2
votes

I have a kafka topic which has 50 partitions, and the publishing message rate is 500 a second. As port pf consumer design, we can either have Multiple consumers with their own threads or Single consumer, multiple worker processing threads using concurrent listeners.

Lets say each message takes 100ms to process. If we use a single consumer and use the concurrent Message Listener container then we will end up having 50 threads in a single deployment.

If we deploy multiple applications with same group id and assign each application 10 concurrent threads then we will require 5 deployments. Re balancing can be an issue if a one of the application restarts

Can you please suggest a good approach or splitting the topic is recommended if there are too many partitions

1
I would recommend multiple application instances deployed/scaled via kubernetes, for example... That's how most large companies are doing itOneCricketeer
multiple application instances with same group id and each instance can have concurrent message listeners of 10 (for ex). Please confirm my understandingsam
Consumers are single threaded.
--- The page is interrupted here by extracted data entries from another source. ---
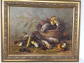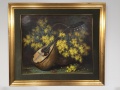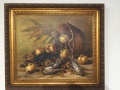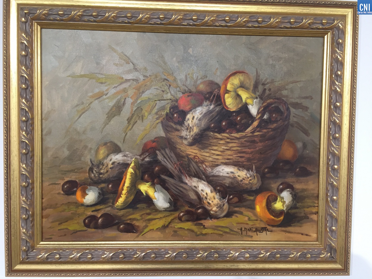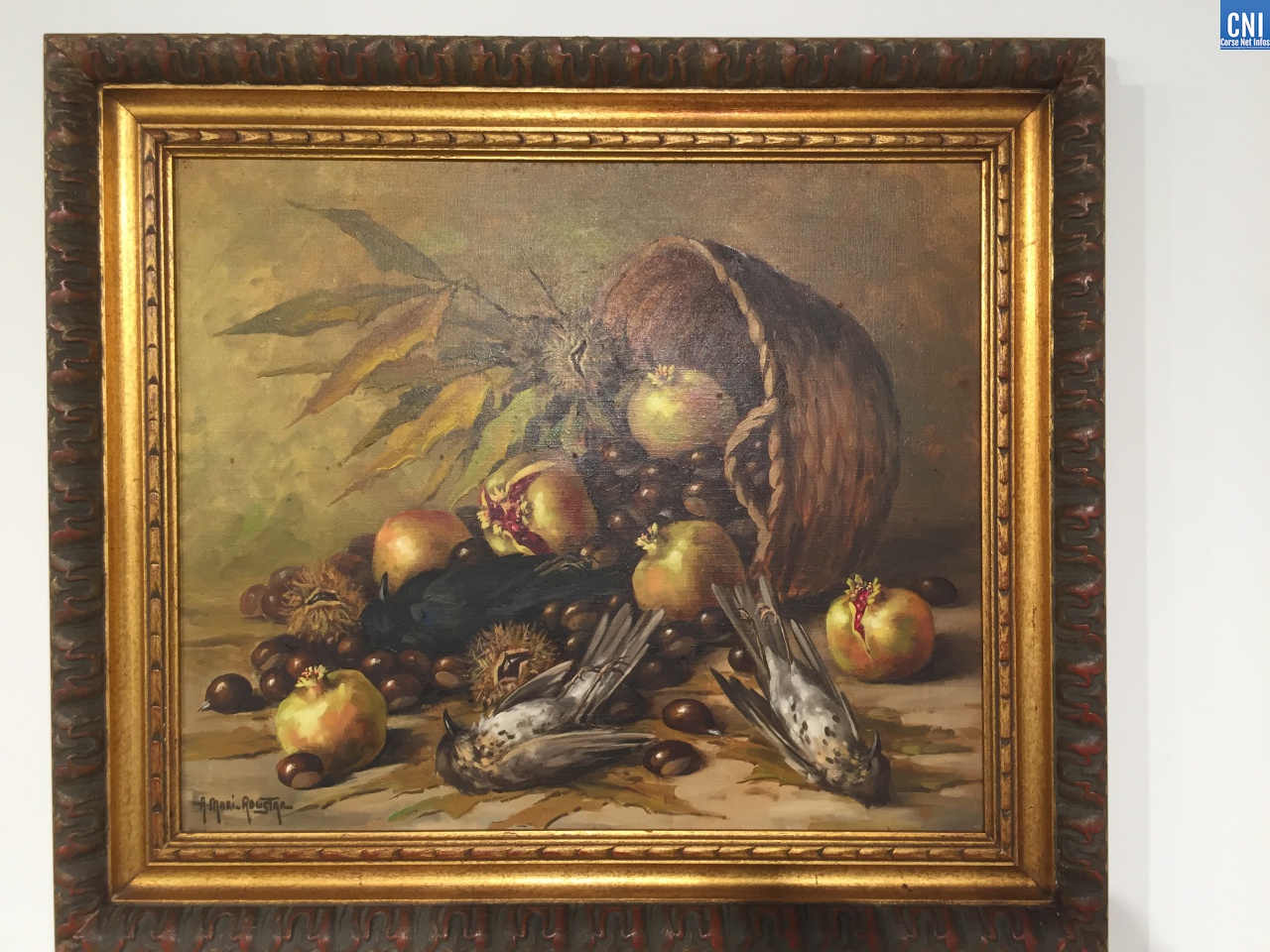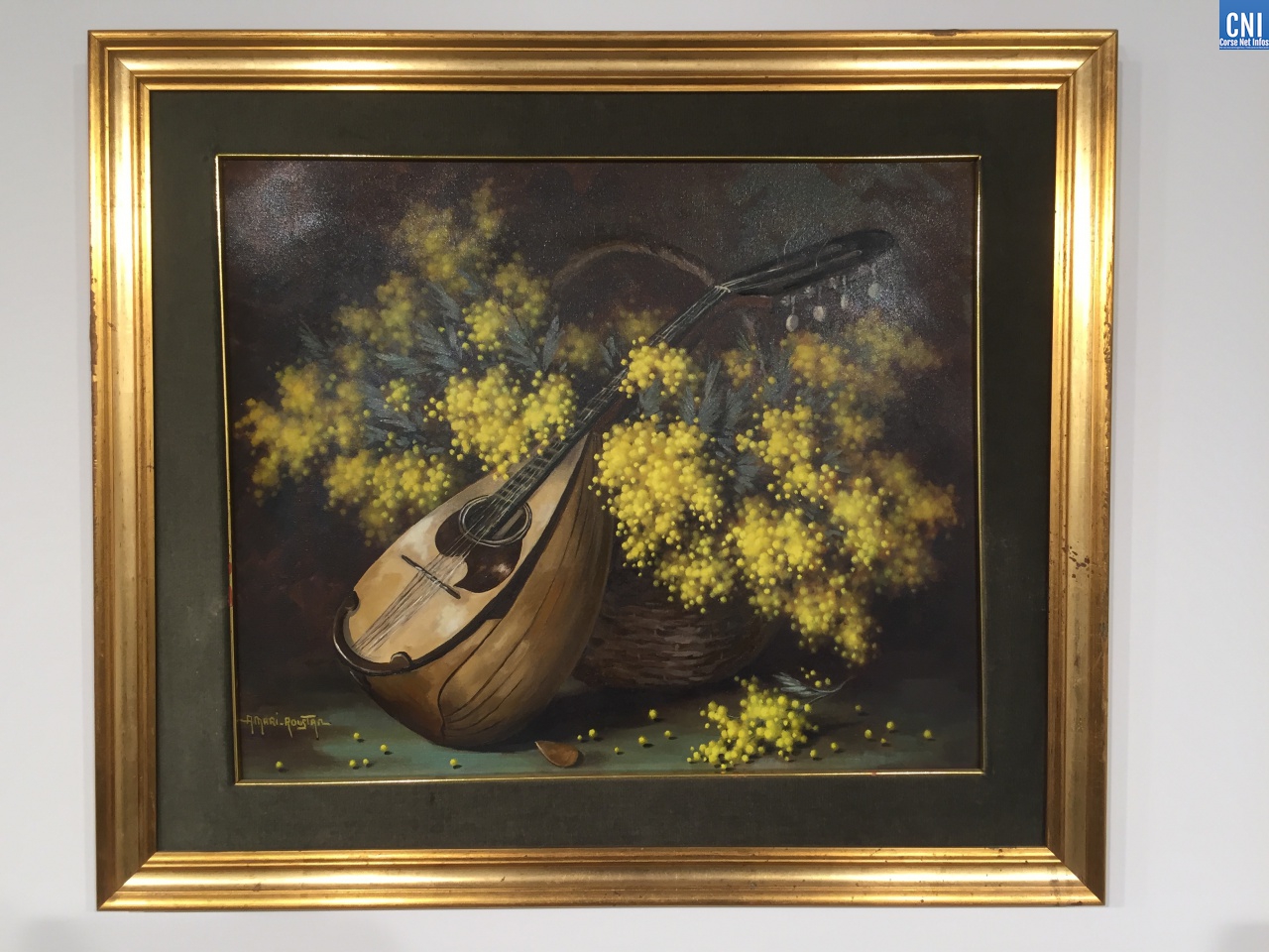 - «Oui, comme je vous le disais, ma mère peignait beaucoup de paysages quand nous partions camper. Elle avait une sorte de boulimie des paysages corses. Les natures mortes sont plus récentes et datent des années 80 et 90. Ma mère, plus âgée, sortait moins. Elle peignait alors, assise, des mimosas, des fleurs mais aussi le produit de chasse des chasseurs qui venaient la voir exprès avec leurs trophées».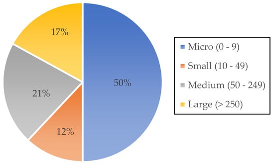 The results of the statistical analysis regarding the characteristics of questionnaire participants are presented. The figures below describe aspects such as organisation size, the organisation’s primary activities, and participants’ roles within their companies. As observed in Figure 2, the majority of participants work in micro-businesses (50%), followed by small (12%) and medium-sized organisations (21%). Lastly, participants from large organisations contribute to 17% of the total. In 2021, the vast majority of construction enterprises in Italy were micro-sized companies (95%) with zero to nine employees [43].
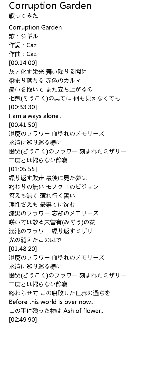 | [00:49.20] | 退廃のフラワー 血塗れのメモリーズ |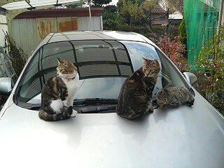 車の上でくつろぐナンコとちびちびとシマシマ。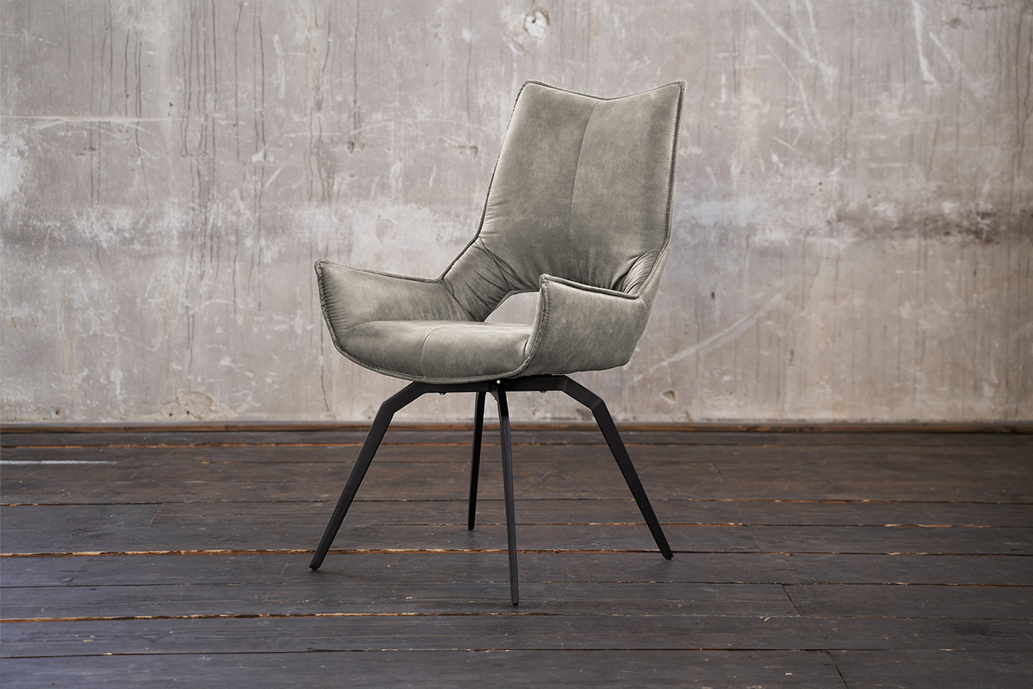 Der Esszimmerstuhl SIVO fällt direkt durch seine Interessante Formgebung ins Auge. Denn sowohl die angenehm gepolsterte Sitzschale, als auch die drehbaren angewinkelten Füße sind außergewöhnlich designt. In der sonst durchgängigen Sitzschale befindet sich eine Aussparung am unteren Teil des unteren Rückens, die den speziellen Look komplettiert. Der Stoffbezug des Drehsessels ist pflegeleicht und zugleich sehr angenehm in der Haptik. Der Polsterstuhl eignet sich wunderbar für den heimischen Ess- oder auch Arbeitsbereich, als Stuhl im Wartebereich oder auch als Besprechungsstuhl im Büro.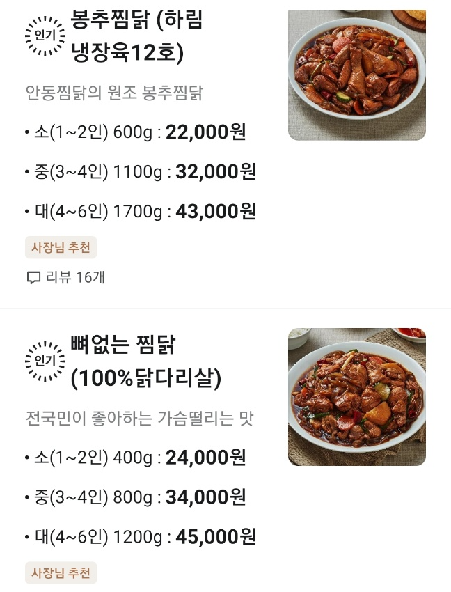 뼈없는찜닭 두가지가 있는데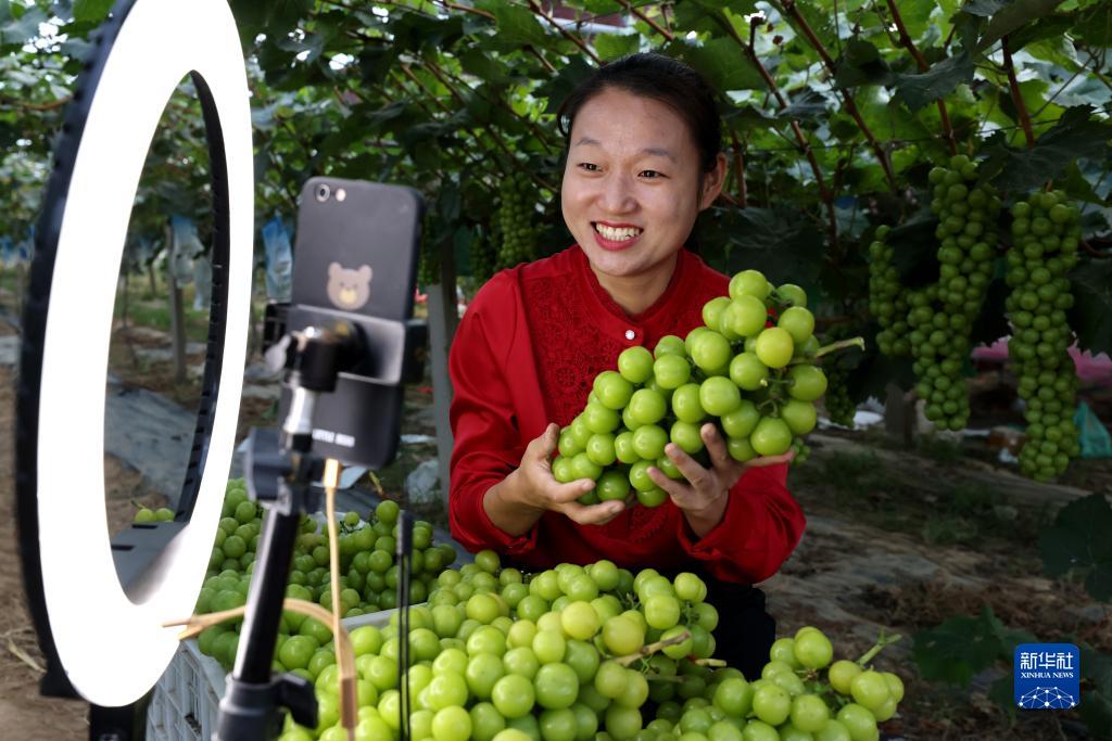 9月20日,在山东省枣庄市孟庄镇大郭庄村,“90后”牛玲玉在葡萄园直播平台上推介销售阳光玫瑰葡萄。牛玲玉大学毕业后返乡创办了畅想家庭农场,其种植的葡萄因属绿色食品备受消费者青睐。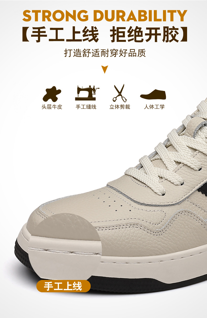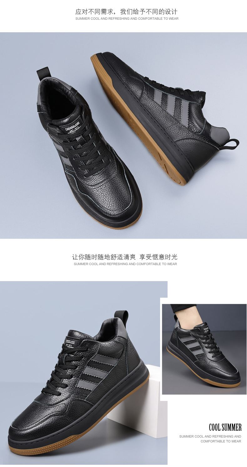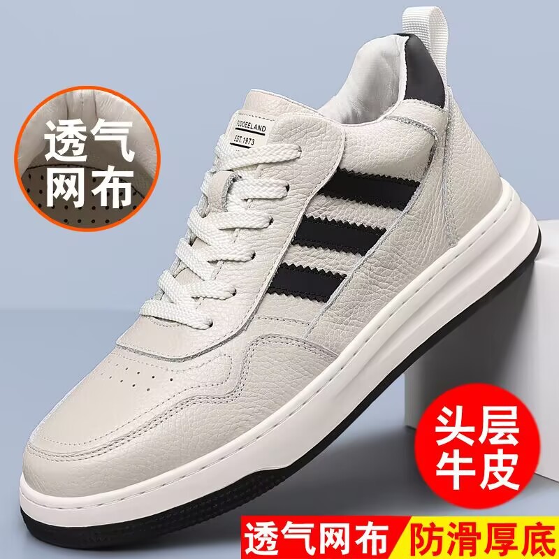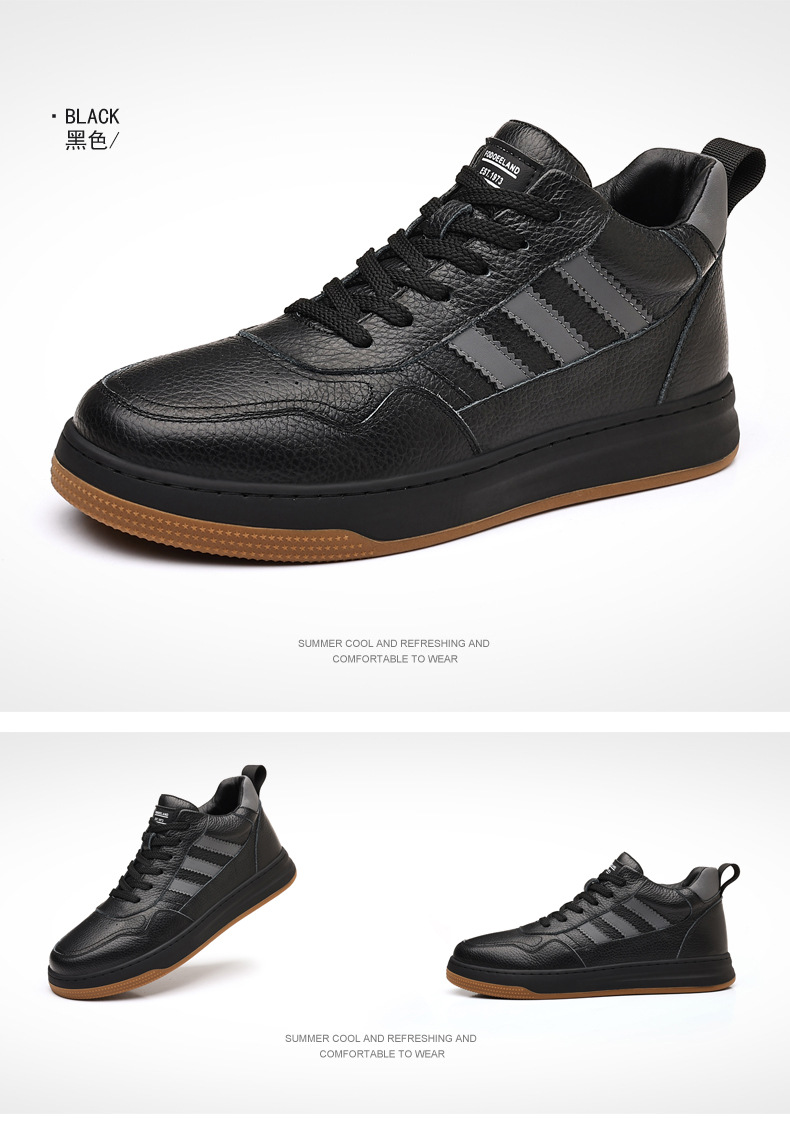 头层牛皮新款高帮男鞋真皮男士休闲鞋运动小白鞋透气时尚男款男鞋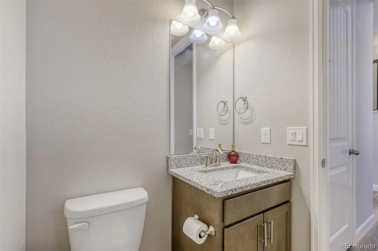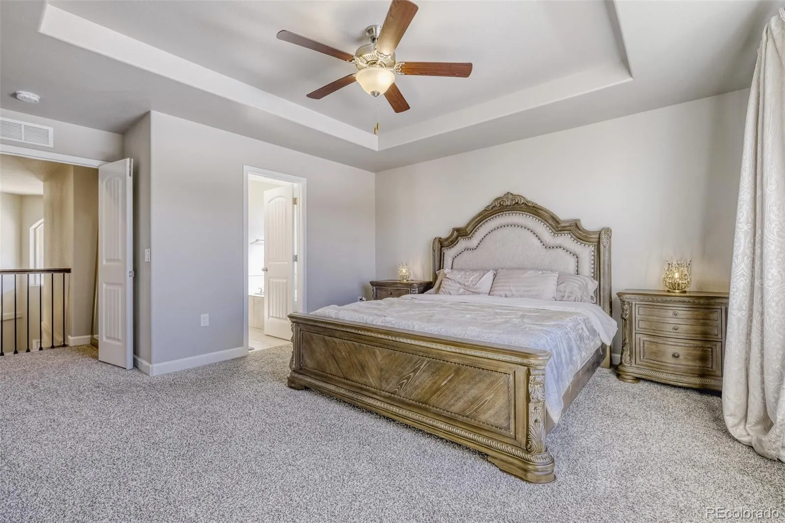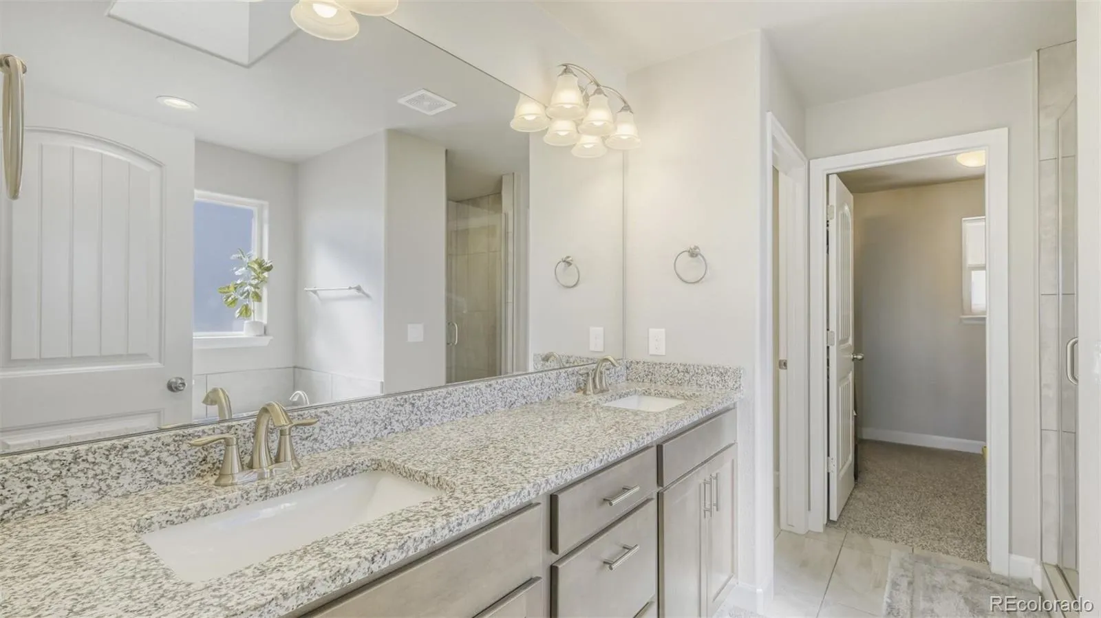 The chef-inspired kitchen showcases Samsung Energy Star stainless steel appliances, granite countertops, generous cabinetry, and seamless flow into the dining area. Upstairs, four bedrooms are conveniently located together, including the primary retreat featuring French doors, Pikes Peak/mountain views, and a spa-like en suite bath. An upper-level laundry room adds everyday convenience.

You could use Kafka Streams API, however, where consumer threads can be configured. And yes, you have to have the same group ID to distribute processing from the same topicOneCricketeer
If we use ConcurrentMessageListenerContainer and set concurrent threads to 10 then the process will spawn 10 consumer threads and assign it o the partitions. Please correct my understandingsam
I don't use Spring, so I am not sureOneCricketeer

1 Answers

1
votes

Yes, your understanding is correct 5 instances with concurrency 10 will have one consumer thread per partition. If you deploy only 2 instances, the partitions will be distributed across 20 threads.

You can mitigate rebalances by using the recent static group membership feature.

group.instance.id

A unique identifier of the consumer instance provided by the end user. Only non-empty strings are permitted. If set, the consumer is treated as a static member, which means that only one instance with this ID is allowed in the consumer group at any time. This can be used in combination with a larger session timeout to avoid group rebalances caused by transient unavailability (e.g. process restarts). If not set, the consumer will join the group as a dynamic member, which is the traditional behavior.